In [9]:
import pandas as pd
import numpy as np
import librosa
import librosa.display
import matplotlib.pyplot as plt

train_df = pd.read_csv('data/train.csv')
train_df['duration'] = train_df['end'] - train_df['start']

In [10]:
def extract_slices(audio_file_path, labeled_segments):
    """
    Extract spectrogram slices from an audio file based on labeled segments.
    
    Parameters:
    - audio_file_path: Path to the audio file.
    - labeled_segments: DataFrame containing start, end times and labels for segments.
    
    Returns:
    - slices_list: List of extracted spectrogram slices.
    - labels_list: List of labels corresponding to the slices.
    """
    y, sr = librosa.load(audio_file_path, sr=None)
    D = librosa.amplitude_to_db(np.abs(librosa.stft(y)), ref=np.max)
    
    slices_list = []
    labels_list = []
    
    for _, row in labeled_segments.iterrows():
        start_time = row['start']
        end_time = row['end']
        start_sample = librosa.time_to_frames(start_time, sr=sr)
        end_sample = librosa.time_to_frames(end_time, sr=sr)
        slice_ = D[:, start_sample:end_sample]
        slices_list.append(slice_)
        labels_list.append(row['class'])
    
    return slices_list, labels_list

# Test the function with one of the training audio files
sample_slices, sample_labels = extract_slices('data/train/nips4b_train001.wav', train_df[train_df['filename'] == 'nips4b_train001.wav'])
len(sample_slices), len(sample_labels)

(21, 21)

In [11]:
import os

# Path to the training audio folder
train_audio_folder = 'data/train/'

all_slices = []
all_labels = []

# Loop through all training audio files in the folder and extract slices
for audio_file in os.listdir(train_audio_folder):
    full_path = os.path.join(train_audio_folder, audio_file)
    filename = audio_file
    labeled_segments = train_df[train_df['filename'] == filename]
    slices, labels = extract_slices(full_path, labeled_segments)
    all_slices.extend(slices)
    all_labels.extend(labels)

len(all_slices), len(all_labels)


(4588, 4588)

In [12]:
# Resize and normalize

from sklearn.preprocessing import LabelEncoder
from sklearn.model_selection import train_test_split

# Determine the shape of the largest slice for resizing
max_length = max(slice_.shape[1] for slice_ in all_slices)
uniform_shape = (all_slices[0].shape[0], max_length)

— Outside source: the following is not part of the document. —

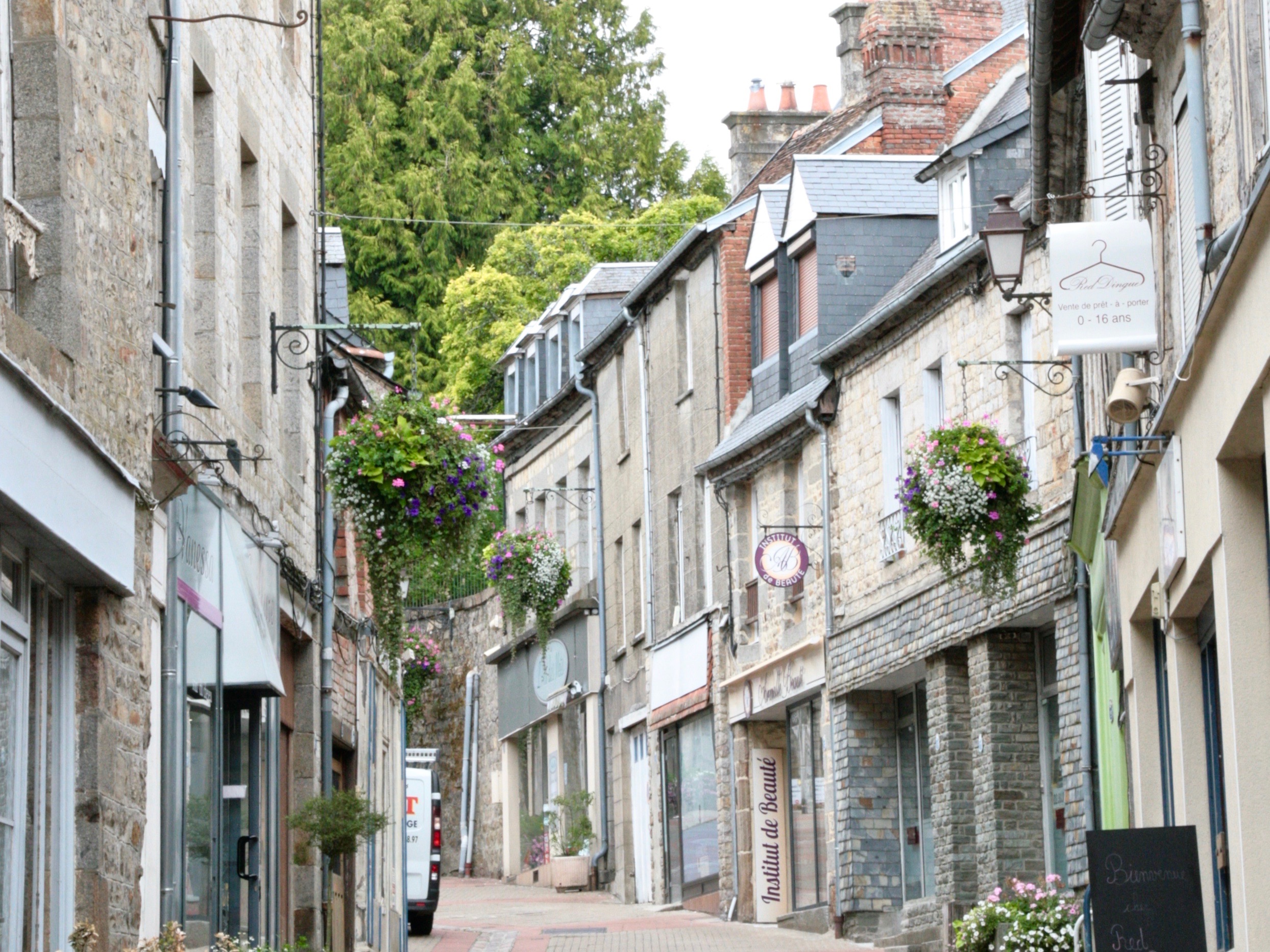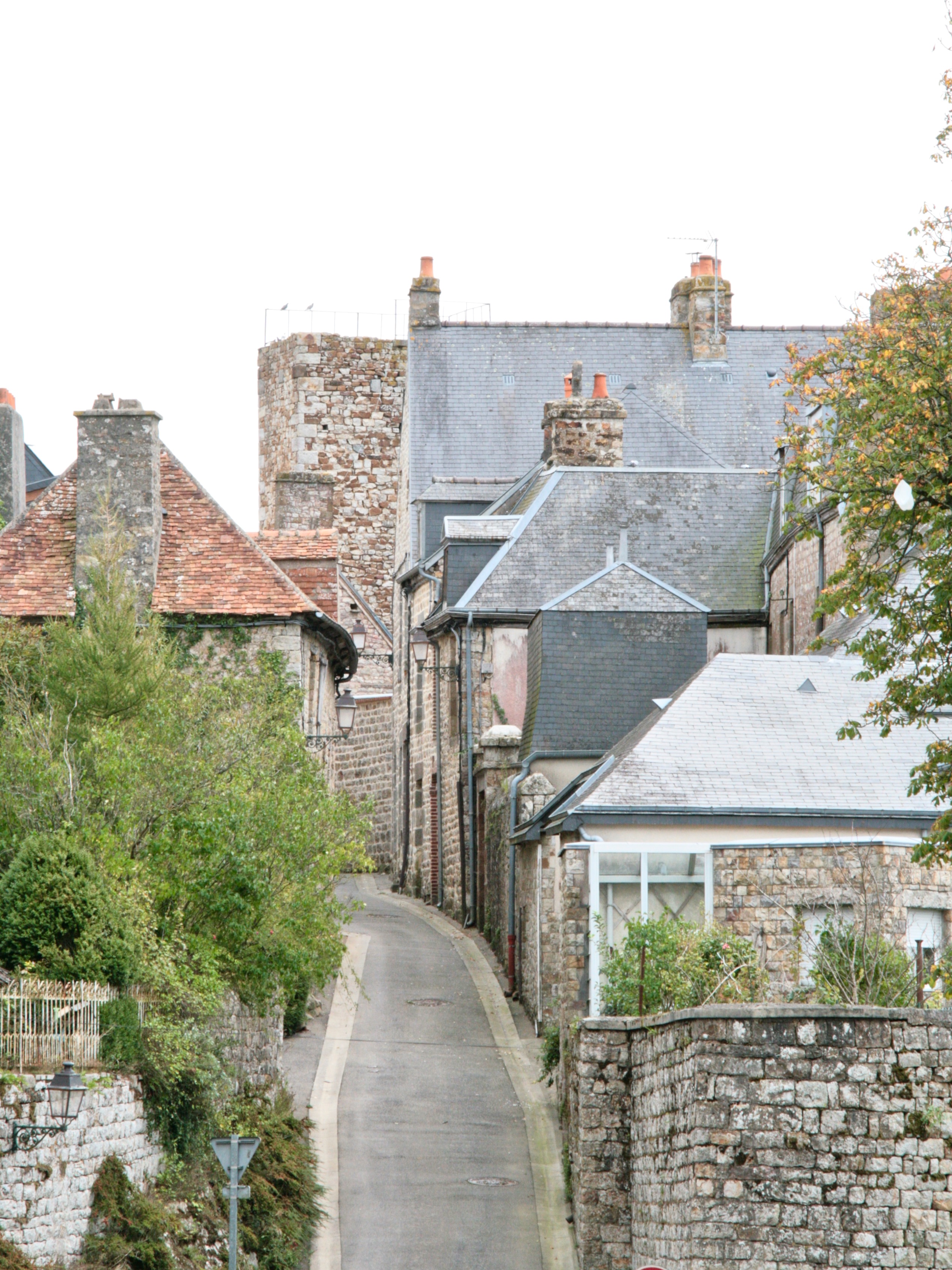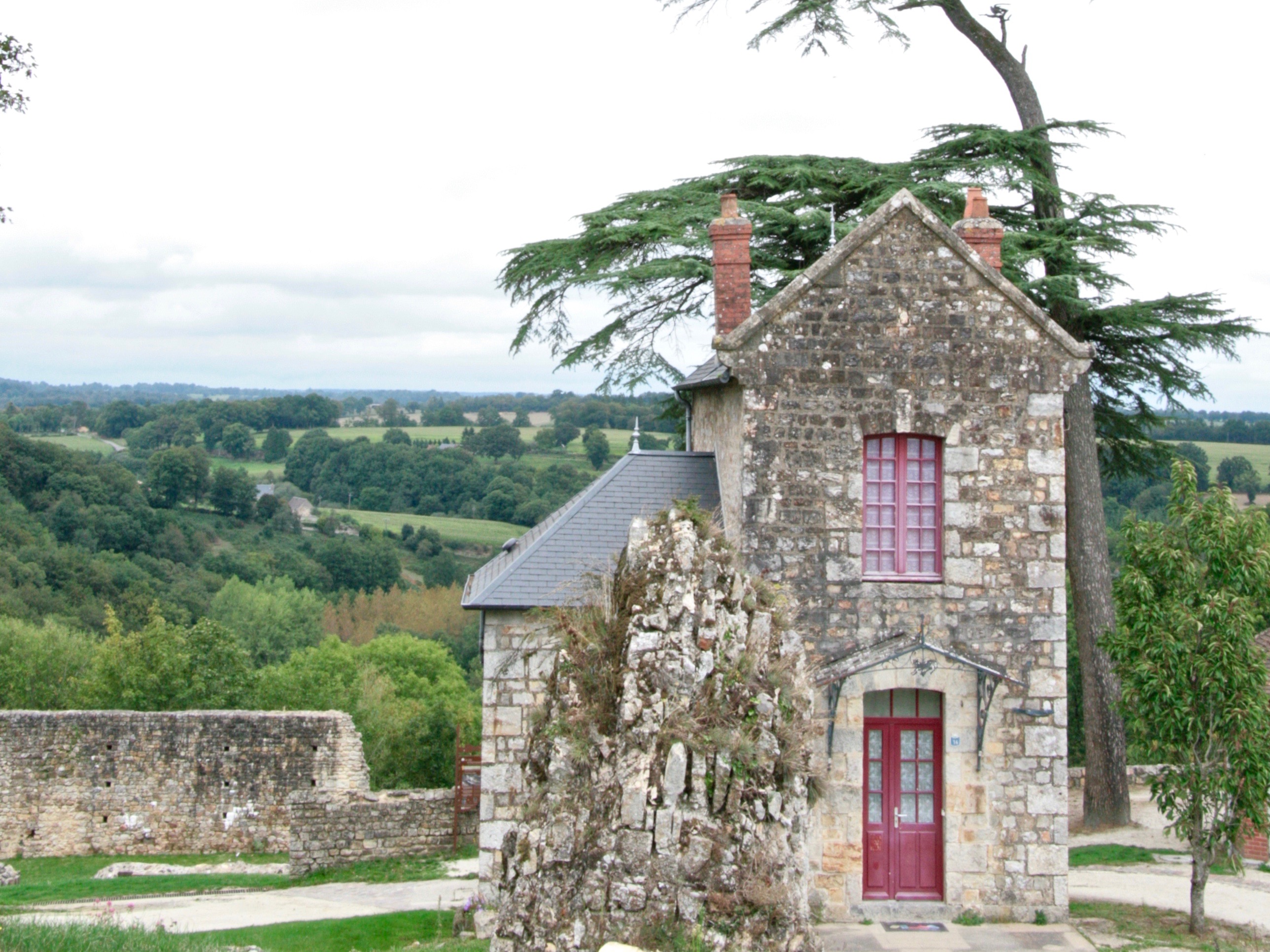 The Domfrontais lies between Chartres and Le Mont Saint Michel, and while their northern neighbours distill apples exclusively, in the Domfrontais they have a history of distilling pears too. It’s all green rolling hills and quaint little villages and towns, the prettiest one is Domfront sitting on a steep hill overlooking everything. I remember we had lunch at a little pub on the village place before heading on to the sea last time we visited, the town definitely fell into our I-could-live-here class which means we just loved it. We bought provisions at the local epicerie, some apple and pear wine and a bag of caramels to top it all off and had a picknick later under the apple trees, just before the rain started falling again.

# Resize and normalize slices
prepared_slices = [np.pad(slice_, ((0, 0), (0, max_length - slice_.shape[1])), mode='constant') for slice_ in all_slices]
prepared_slices = [(slice_ - np.min(slice_)) / (np.max(slice_) - np.min(slice_)) for slice_ in prepared_slices]

# Label encoding
label_encoder = LabelEncoder()
encoded_labels = label_encoder.fit_transform(all_labels)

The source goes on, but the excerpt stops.